Donc, notre Édouard Philippe, venu de la droite (même s’il a fréquenté les clubs rocardiens dans sa jeunesse, mais Michel Rocard avait quitté, alors et depuis longtemps, le PSU…), dirige le gouvernement d’un Président contre lequel il a milité et voté (au premier tour, bien entendu…) et ne rejoint pas le mouvement porteur, « En marche ». C’est son droit, si le président Macron n’y voit aucune objection. Je ne parle pas de la majorité parlementaire, totalement inféodée au président élu, tendance accentuée constitutionnellement depuis la réforme du quinquennat (une opération néo-gaulliste de Chirac en l’an 2000).
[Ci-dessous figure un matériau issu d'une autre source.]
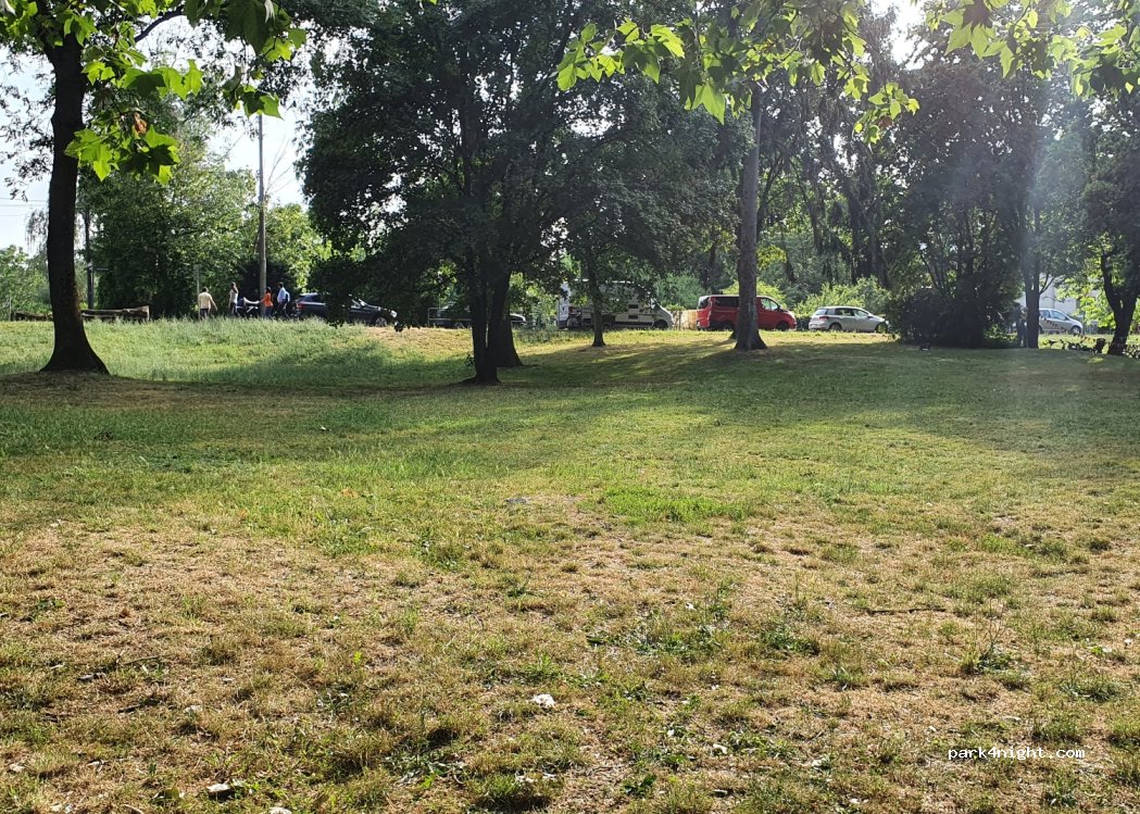 Sicherer und ruhiger Stellplatz. Beim Kiosk nebenan kann man sich Getränke holen und Stühle ausleihen, mit denen man im Park chillen kann. Der Kioskbetreiber war sehr nett und hat und sogar eine Toilette angeboten. Wer seinen Müll mitnimmt und sich komplett ruhig verhält, wird hier keine Probleme bekommen. Die Polizei macht öfters Kontrollfahrten und man fühlt sich auch im Dachzelt sicher.

Édouard Philippe n’a pas, non plus, adhéré aux pseudopodes « de droite et du centre » qui roulent pour Macron et qui sont de plus en plus nombreux. Les plus importants et connus sont le Mouvement démocrate (MoDem) de François Bayrou et AGIR, le parti de la droite constructive, créé fin 2017, du ministre (oui, oui…) Franck Riester. Il est à noter que la représentante du Havre dans la circonscription où fut élu le Premier ministre, est responsable de ce mouvement, un signe ?
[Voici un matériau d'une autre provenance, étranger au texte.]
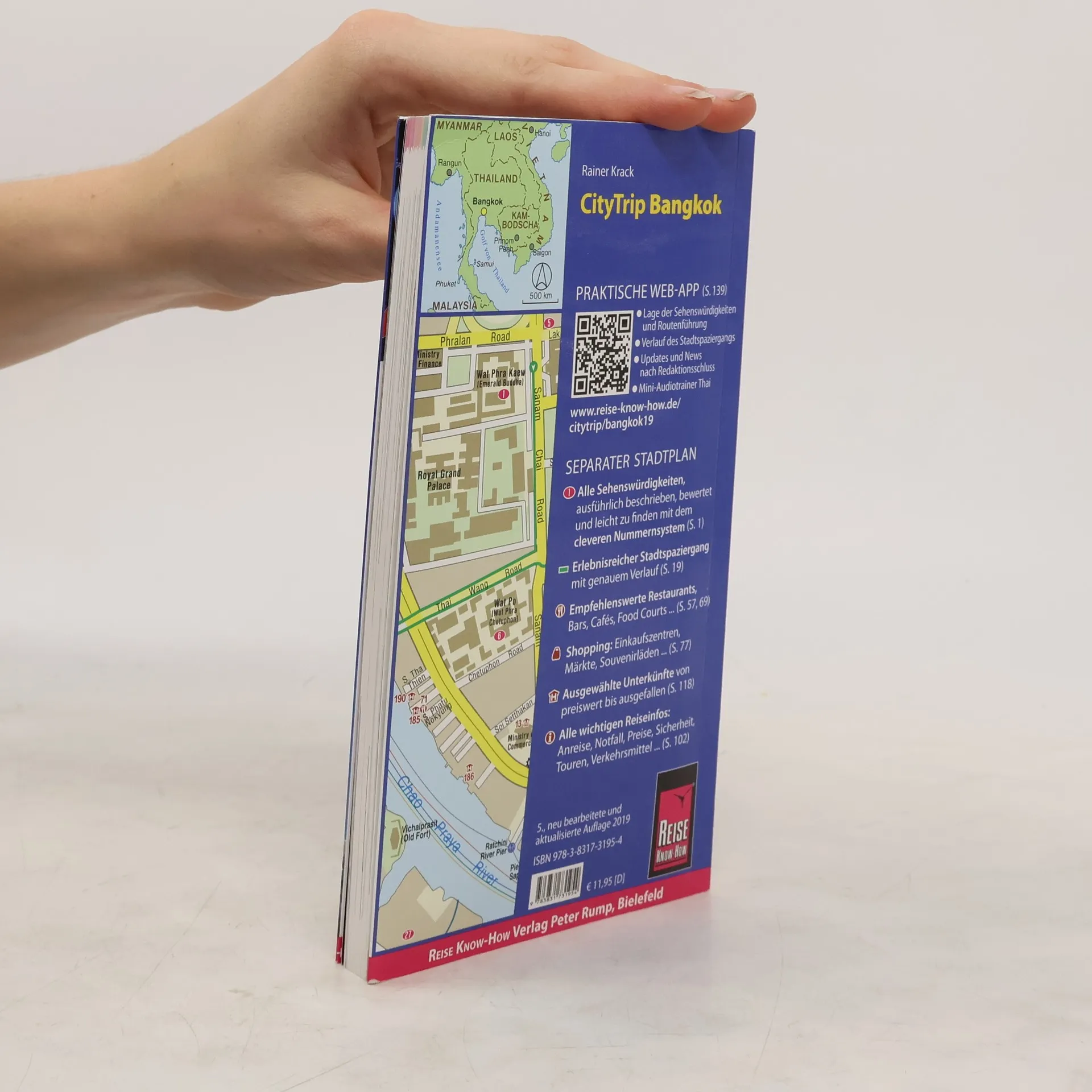 Dieser aktuelle Stadtführer ist der ideale Begleiter, um alle Seiten der thailändischen Hauptstadt selbstständig zu entdecken: - Die wichtigsten Sehenswürdigkeiten und Museen der Stadt sowie weniger bekannte Attraktionen und Viertel ausführlich vorgestellt und bewertet - Erstaunliche Architektur zwischen sakralen Tempelbauten, Überresten alter Befestigungsanlagen und dem modernen Gesicht aus Beton und Glas - Abwechslungsreicher Stadtspaziergang - Erlebnisvorschläge für einen Kurztrip - Ausflüge zur Insel Ko Kret und zum Freilichtmuseum Mueang Boraan - Shoppingtipps vom traditionellen Nachtmarkt bis zu den prächtigen Shoppingmalls - Die besten Restaurants und Straßenstände der Stadt und allerlei Wissenswertes über die thailändische Küche - Tipps für die Abend- und Nachtgestaltung: vom Jazzklub bis zum Transsexuellen-Kabarett - Bangkok zum Träumen und Entspannen: Klongfahrt mit dem Longtail-Boot, Erholung am Fluss oder Sonnenbaden im Lumpini Park - Ausgewählte Unterkünfte von preiswert bis ausgefallen - Alle praktischen Infos zu Anreise, Preisen, Stadtverkehr, Touren, Events, Hilfe im Notfall ... - Hintergrundartikel mit Tiefgang: Geschichte, Mentalität der Bewohner, Leben in der Stadt ... - Kleine Sprachhilfe Thai mit den wichtigsten Vokabeln für den Reisealltag - Faltplan zum Herausnehmen Dazu: kostenlose Web-App für Smartphone, Tablet und PC mit Stadtplan- und Satellitenansichten passend zum Text, Routenführung zu allen beschriebenen Sehenswürdigkeiten, Verlauf des Stadtspaziergangs, seitenbezogenen Updates nach Redaktionsschluss sowie einem Mini-Audiotrainer Thai ++++ CityTrip - die aktuellen Stadtführer von Reise Know-How, mit über 160 Städtezielen die weltweit umfangreichste Kollektion. Fundiert, übersichtlich, praktisch. REISE KNOW-HOW - Reiseführer für individuelle Reisen

Ainsi, la majorité de l’électorat de LREM s’identifie plus et mieux au parcours d’Édouard Philippe qu’à celui de l’ex-socialiste Macron. Édouard rassure, Philippe s’arme.

Édouard Philippe a la confiance de la « droite économique », de ce que la France comprend de plus immobile (« dans la réforme »).

Demain, si monsieur Philippe estime, à l’instar d’un Chirac en août 1976, qu’il n’a plus les moyens de mettre en place sa politique, qui nous dit qu’il ne formera pas une forme de mouvement réformateur compatible avec l’électorat majoritaire ? 

Il est le fidèle de Macron, il peut devenir son principal concurrent.

Ah, bien sûr, les « deux prénoms » gênent toujours une ascension. Votre prénom, c’est Édouard, c’est juste ? Qui le sait ?

Janus était le dieu romain des commencements et des fins, de l’alpha et de l’oméga.

Qui est réellement Edouard Philippe ?

Le changement dans la continuité ? Mais ce slogan vous dit quelque chose… Giscard l’utilisait pour balayer les gaullistes en 1974, avec lesquels il gouvernait. Son succès, du moins à cette époque, fut patent. On ne fait pas de neuf avec un vieux prénom. Et puis, qui est plus Français que lui ?

 

Le président Macron n’a qu’à bien se tenir, un homme aux deux prénoms en vaut deux.